Ameridose, LLC. is a medical manufacturer based in Westborough, Massachusetts. The company was founded, along with its sister company New England Compounding Center, by brothers-in-law Greg Conigliaro and Barry Cadden. The owners of Ameridose are Carla R. Conigliaro, Barry J. Cadden, Lisa M. Conigliaro and Gregory A. Conigliaro.

History
Brothers-in-law Greg Conigliaro and Barry Cadden established Ameridose to be a large manufacturer of prescription medications for use in hospitals. The original location of the company's plant was in Framingham, Massachusetts next to its sister-companies New England Compounding Center and Medical Sales Management. In 2009, they started operations at a new location, 205 Flanders Road in nearby Westborough, to accommodate the steady growth of the company.

Controversy

Ameridose's sister-company, New England Compounding Center (NECC), was implicated as the source of a nationwide fungal meningitis outbreak of 2012. It was found that tainted batches of the steroid methylprednisolone acetate caused hundreds of cases of fungal meningitis. Sixty-four deaths have been attributed to the tainted steroids. 

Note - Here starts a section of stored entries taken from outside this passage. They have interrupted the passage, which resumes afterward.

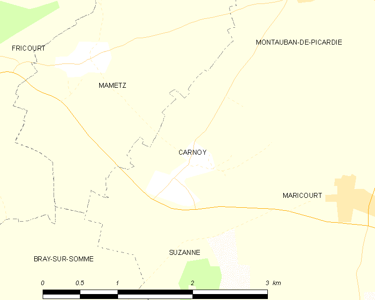 Map of French municipality Carnoy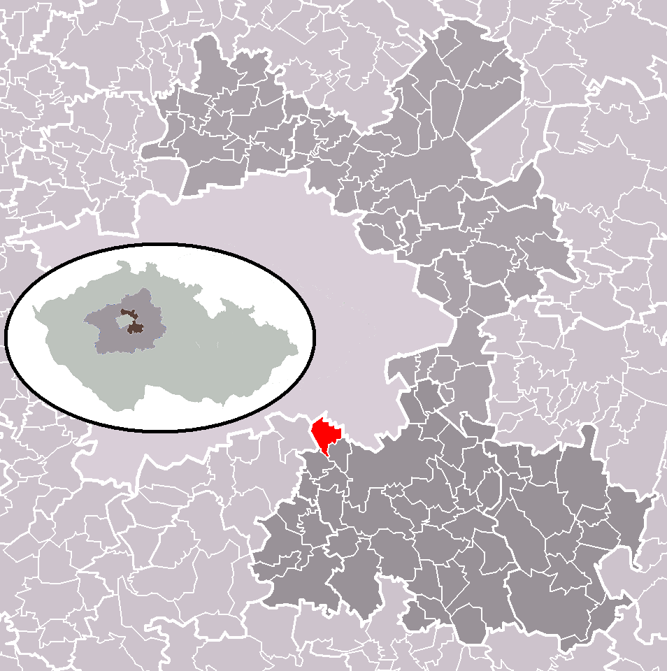 Location of Čestlice municipality within Prague-East District and administrative area of Říčany as a Municipality with Extended Competence.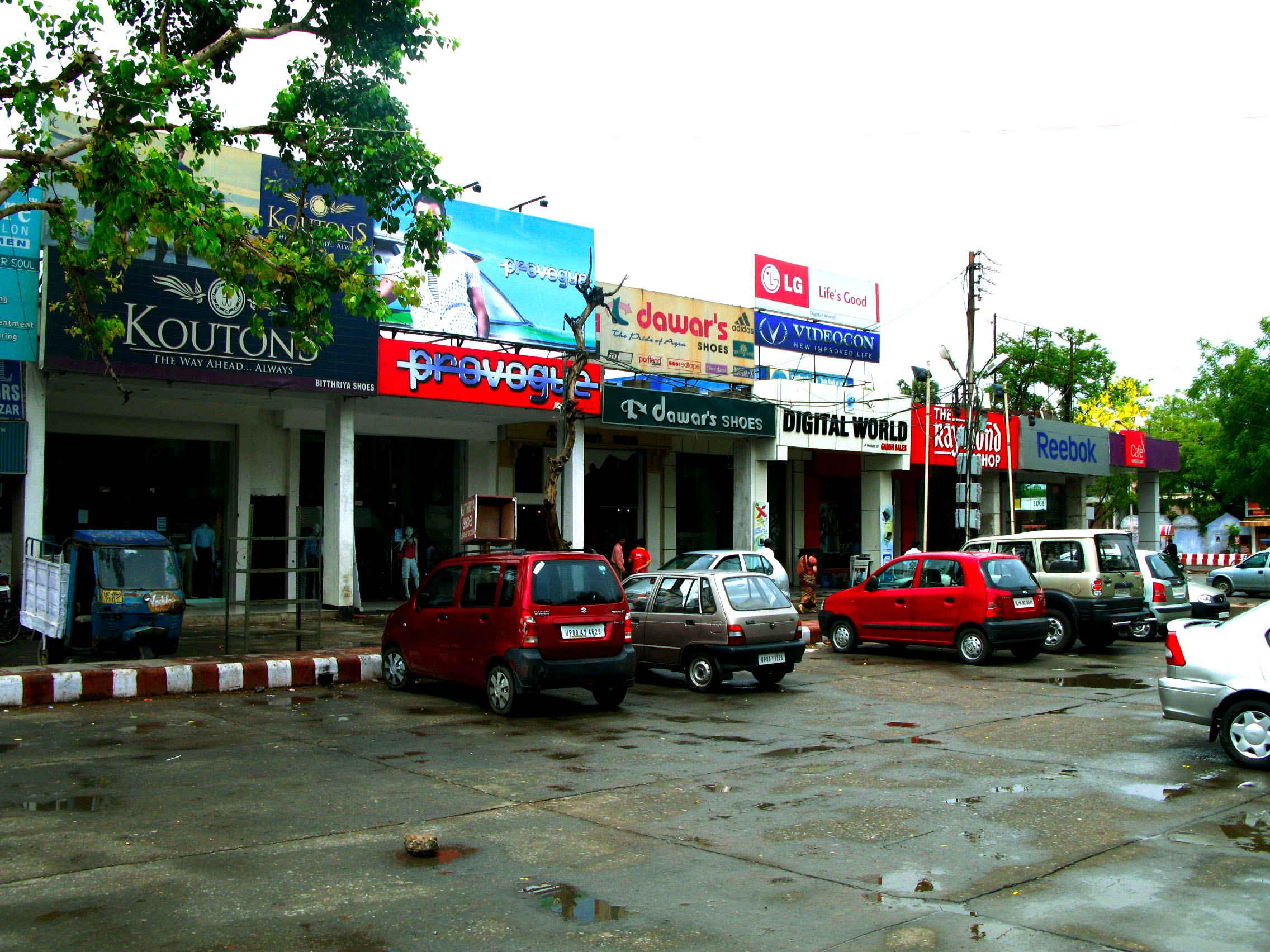 The Sadar Bazar market in the Cantonment area in Agra, U.P.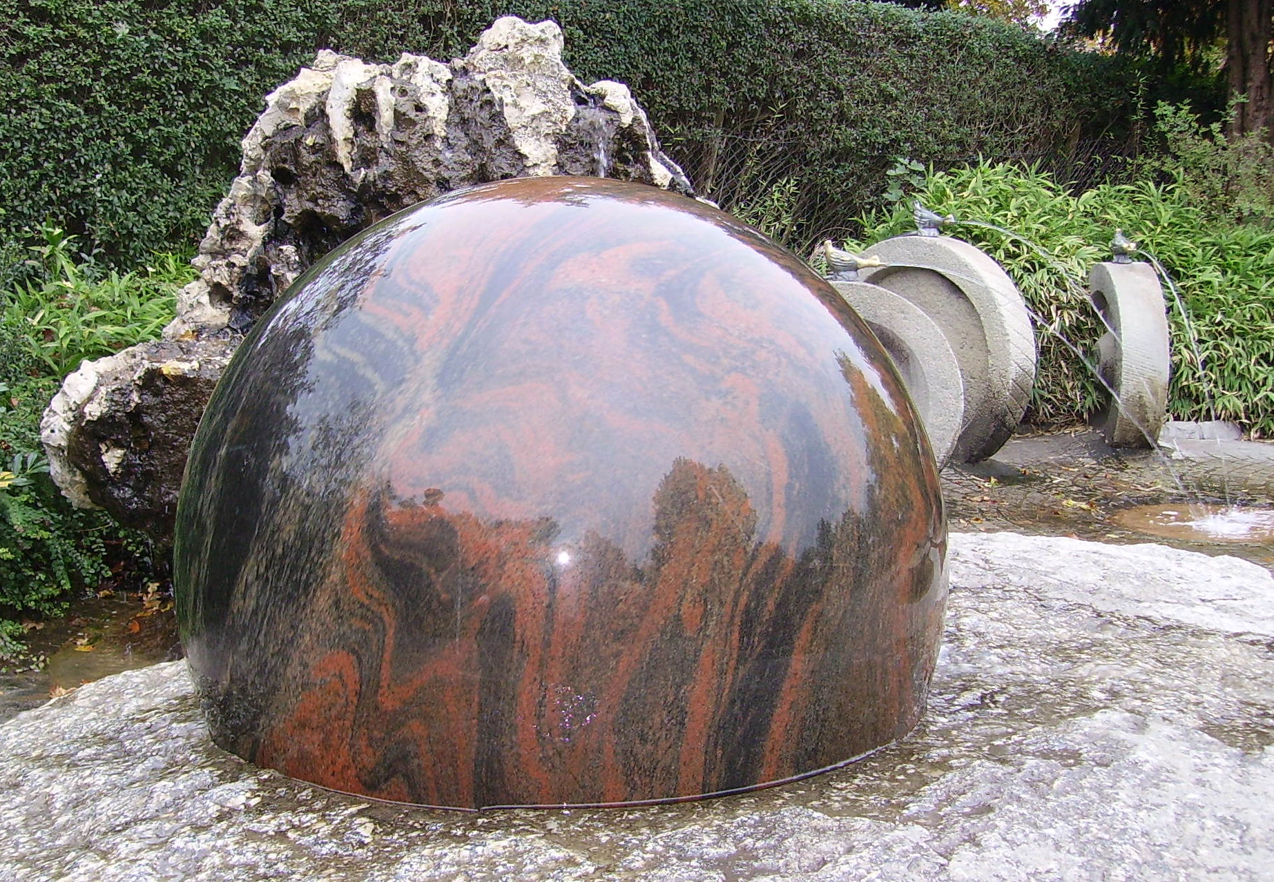 Leisure park Tripsdrill near Cleebronn in southern Germany. – Note: Probably no Granite, cf. filename / the stone kind is migmatite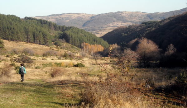 Jeleznishka River Valley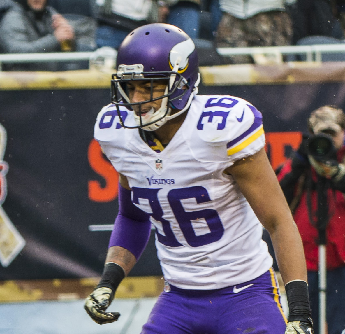 Minnesota Vikings safety, Robert Blanton, playing in a game against the Chicago Bears on November 16, 2014.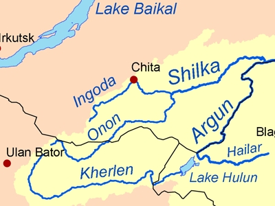 This is a map of the Amur River sources.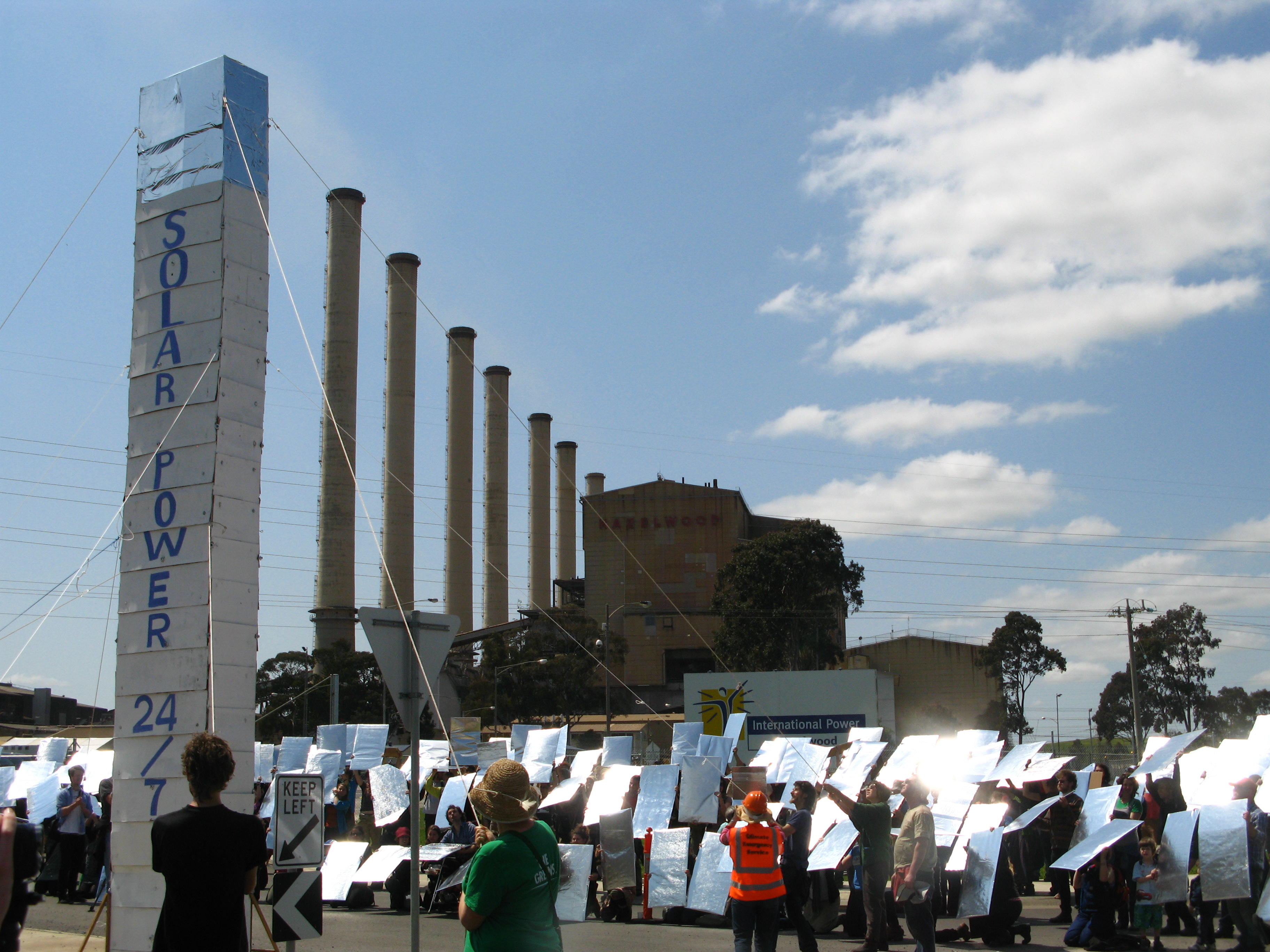 A human-made Solar Thermal mock power plant next to the Hazelwood coal-fired Power Station, Victoria, Australia. Photo taken by myself October, 2010.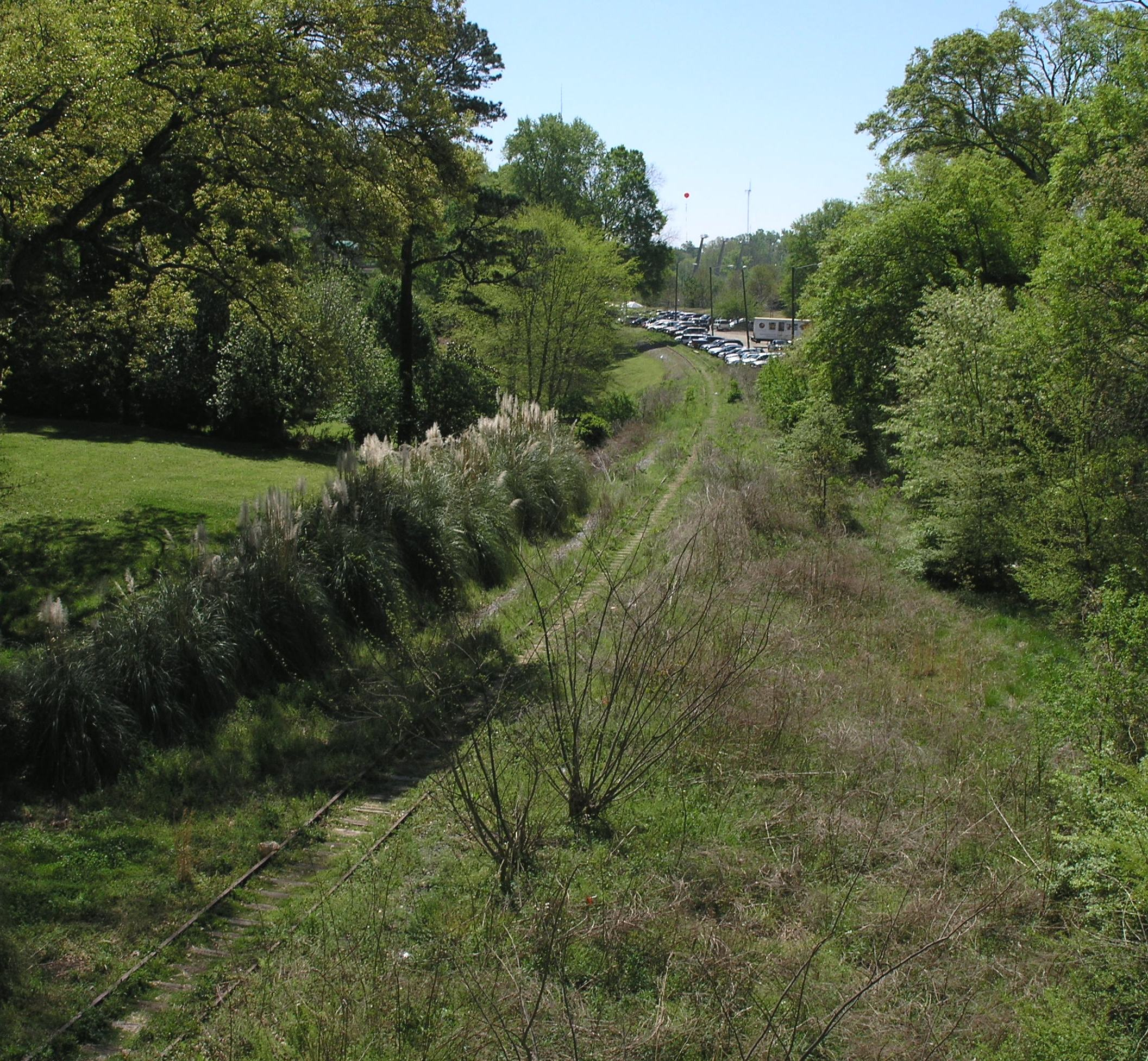 Photo taken in Atlanta area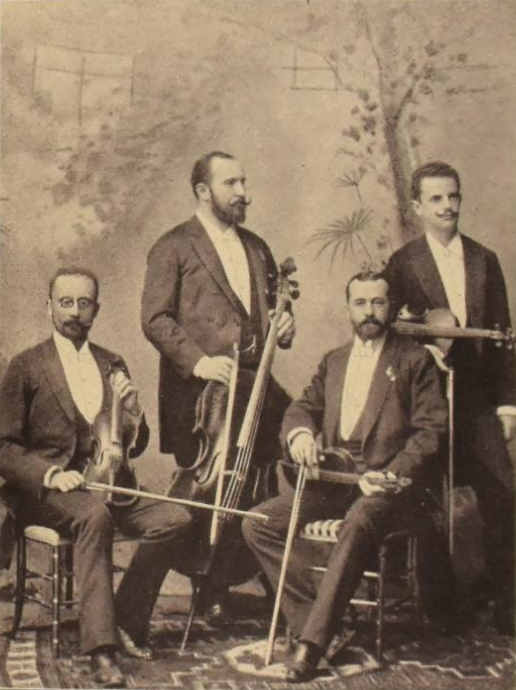 Hellmesberger Quartet of Vienna: Julius Egghard, Ferdinand Hellmesberger, Joseph Hellmesberger Jr., Theodor Schwendt

Although Ameridose was not the source of the outbreak, the company was largely impacted by its affiliation with NECC. Due to pressure from the state and the U.S. Food and Drug Administration (FDA) because of growing concern of their association with NECC, the company recalled all of its products and shut down operations in October 2012. In early November that year, Ameridose laid off 650 employees working in its Westborough facilities. 

The FDA began investigating Ameridose's facilities in October 2012. There were fifteen concerning observations that they made during the investigations. These include the following: 
 A bird was observed flying around inside the building in an area where finished drugs are stored
 Insects were found in an area where finished drugs are stored
 Gaps were observed underneath doors and "pass-through boxes"
 Thick residues of orange, brown, and green were observed in several hoods where drugs are made
 Drugs were shipped out before sterility tests were complete
 Ameridose failed to investigate complaints made by customers about its products  

On October 12, 2012, The New York Times published an article in which they interviewed employees from both NECC and Ameridose. Some stated that the company was run well and seemed safe. Several others voiced their concerns with the companies. Many employees interviewed believed that Ameridose emphasized quantity and speed instead of quality and safety. The article also stated that in 2008 an inspector from the FDA found that the firm did not use adequate potency testing on their products.           

In December 2012, WFXT reporter Mike Beaudet interviewed a former Ameridose employee. She said employees would often see bugs and birds inside the company's buildings. She also claimed that she witnessed company supervisors attempting to cover up their tracks for taking shortcuts when they learned that the FDA was going to inspect their facilities.